‘Glimmerglass’ lands safely

 

My ten copies of Glimmerglass have arrived from Mercer University Press in the US, neatly and safely packed. I’m cock-a-hoop with delight. This is such a pretty book, from it’s generously-sized reproductions of my chapter-headings, to the tawny endpapers picking up colours from the jacket-flaps.

Mercer and the designer Mary-Frances Glover Burt have between them done a great job. Marly must be a happy author. I’m certainly a happy illuminator!

Even under its jacket, this little book is pretty, with its tiny Minotaur stamped onto the spine!

‘glimmerglass’ framed

Marly Youmans’ novel Glimmerglass will be published in September by Mercer University Press. The books have been printed and are currently stashed in a USA warehouse. Soon they will begin to move out into the world. Meanwhile, and on the the other side of the world, from today anyone visiting us will be greeted by the framed original collage/drawing that is the cover of Glimmerglass, the first artwork to be seen on entering Ty Isaf, hanging at the half-landing of the stairs next to shelves packed with treasured books, including all my collaborations with Marly.
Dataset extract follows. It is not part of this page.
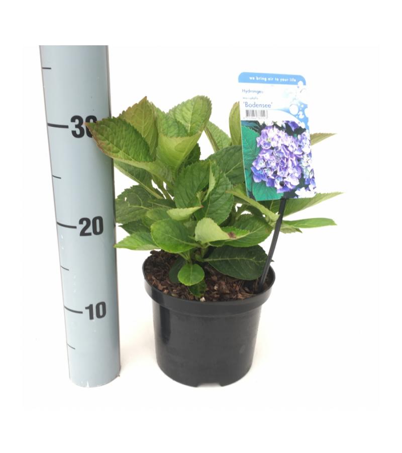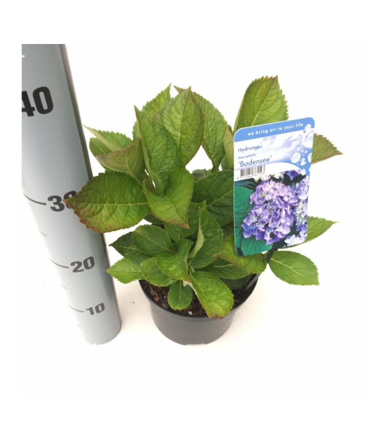 Deze compact groeiende hortensia bloeit met prachtige lichtblauwe of lichtroze bloembollen. De kleur van de bloemen is afhankelijk van de grond van zijn standplaats, de Bodensee is zeer gevoelig voor de zuurtegraad van de grond. De hortensia staat niet graag in de felle middagzon, in de ochtend en namiddag kan hij wel wat zonneschijn verdragen. Een hortensia is een zeer populaire toevoeging aan de tuin, zo ook de Bodensee, een prachtig rijkbloeiende en eenvoudig te combineren boerenhortensia.

Whether going up or down at Ty Isaf, the cover of the book is there to greet and remind me of all the pleasures of friendship with Marly. I love her work, and I love her.

Marly, right, with Montserrat Prat at Ty Isaf, 2011. Both had contributed chapters to my monograph, published by Lund Humphries.

A taster of ‘Glimmerglass’

Glimmerglass, a novel by Marly Youmans

Due this Autumn from Mercer University Press

Cover artwork and chapter headings by Clive Hicks-Jenkins. Cover design by Mary-Frances Burt of Burt&Burt

“You might not know what you are seeking, but once inside the pages of Glimmerglass, you’ll find exactly what you need: ‘a cup of music, a hill of sea.’ In the Republic of Letters. Marly Youmans is our Magician in Chief.”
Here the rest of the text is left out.